The law, which must be approved by parliament, offers the possibility of compensation to victims of the war and dictatorship of Francisco Franco.
The deputy PM said the bill would help Spain to close a "tragic chapter", but it was criticised by the opposition.
An estimated 500,000 people were killed in the three-year war before the Nationalists defeated the Republicans.
Correspondents say Spaniards remain divided about the causes of the conflict and how to deal with its consequences.
For Spain's military, backed by conservative political forces and the Roman Catholic Church, the civil war was a battle against communism. For the Republican government the conflict was a struggle against fascism.

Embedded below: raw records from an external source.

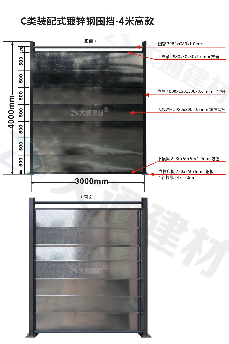 深圳市大通建材生產的C類裝配式鍍鋅鋼結構圍擋4米高定制款,把深圳市龍華區建筑工程施工現場圍起來,為施工安全保駕護航。
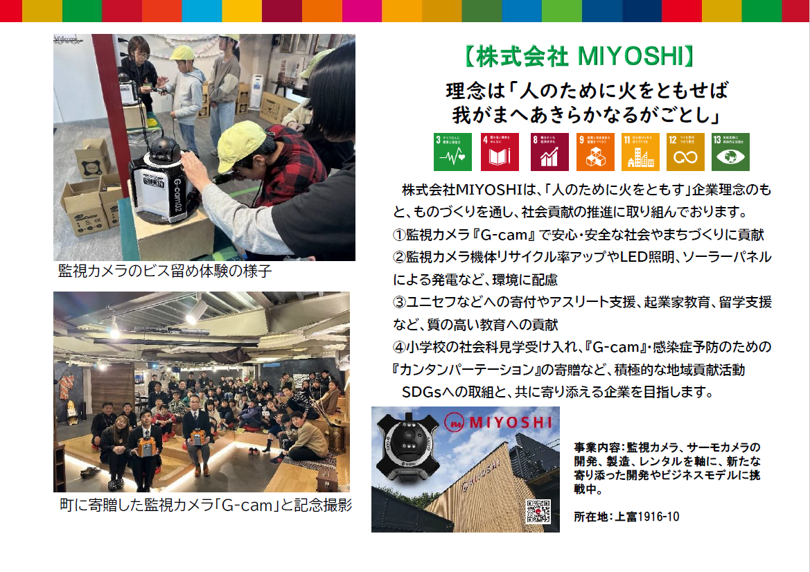 SDGsの取組として、『マゴコロランドセルプロジェクト』としてジョイセフを通じ、ランドセル68個をアフガニスタンに寄贈。社会科見学に訪れた小学生が防犯カメラの製造体験を行うなど、地域貢献活動にご協力いただいています。 また働き方改革や、平和・教育・文化・環境・福祉・スポーツの6分野に寄附をするなど、世界を見ながら活動をしている点なども評価されました。 |
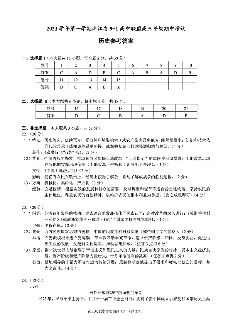 浙江省9+1高中联盟2023-2024学年高三上学期期中联考 历史参考答案
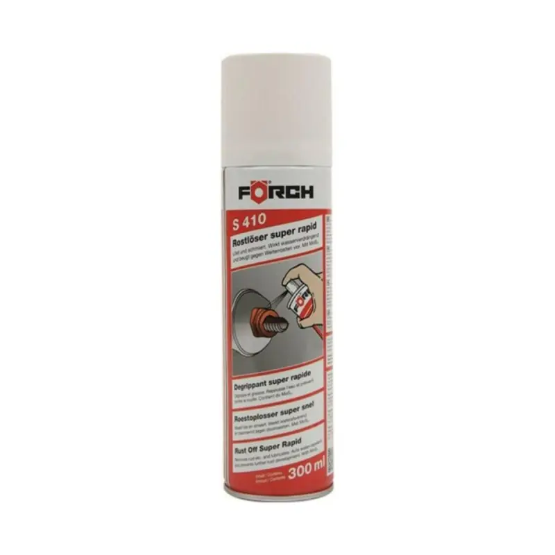 The super fast S410 FORCH release agent is designed to effectively intervene on assemblies blocked by rust, oxidation, or dirt. Its ultra-fast penetrating formula works deeply to free bolts, nuts, hinges, or mechanical parts even if they are heavily corroded.
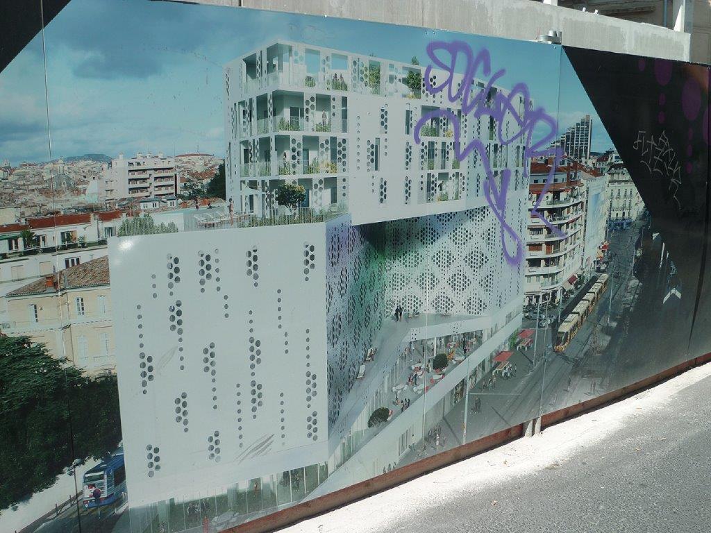 Visuel de l’ensemble architectural en construction « Hôtel St-Roch – Belaroia » photographié rue Jules-Ferry à Montpellier, le dimanche 29 juillet 2018. Copyright : Edouard Paris
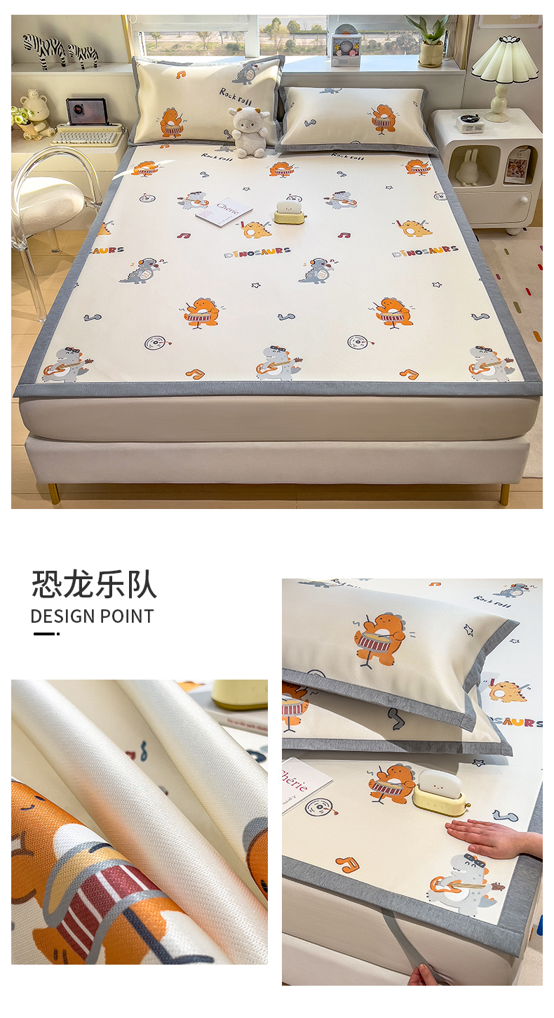 商品名称:兄弟坊 2025新款数码小清新印花冰丝席 恐龙乐队
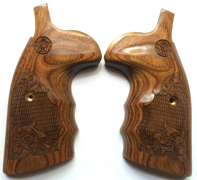 Smith & Wesson Round to Square Butt Conversion Grips. Converts the round butt frame to the square butt frame configuration. Walnut Cut Checkered and Engraved with Scroll design. With S&W Logo. With Finger Grooves. Held together on the inside with two stock pins. Screw included.

Republicans were executed, jailed or exiled following the Nationalist victory, and Franco established a dictatorship spanning nearly four decades.
'Rewriting history'
Under the new bill, the use of symbols from the Franco era would be banned on public buildings, and it would be made easier to locate and exhume the bodies of thousands buried in mass graves.
Deputy Prime Minister Maria Teresa Fernandez de la Vega said the law would help "to heal wounds without re-opening them".
"And to do this it is necessary to honour and restore everyone who suffered injustices and wrongs," she added.
But the leader of the right-wing opposition Popular Party, Mariano Rajoy, said it was a mistake to try to rewrite history.
"Spain has to look at the future and resolve the problems that people are really interested in," he said before the bill was approved.
"The vast majority of Spaniards don't want to talk about the civil war or Franco."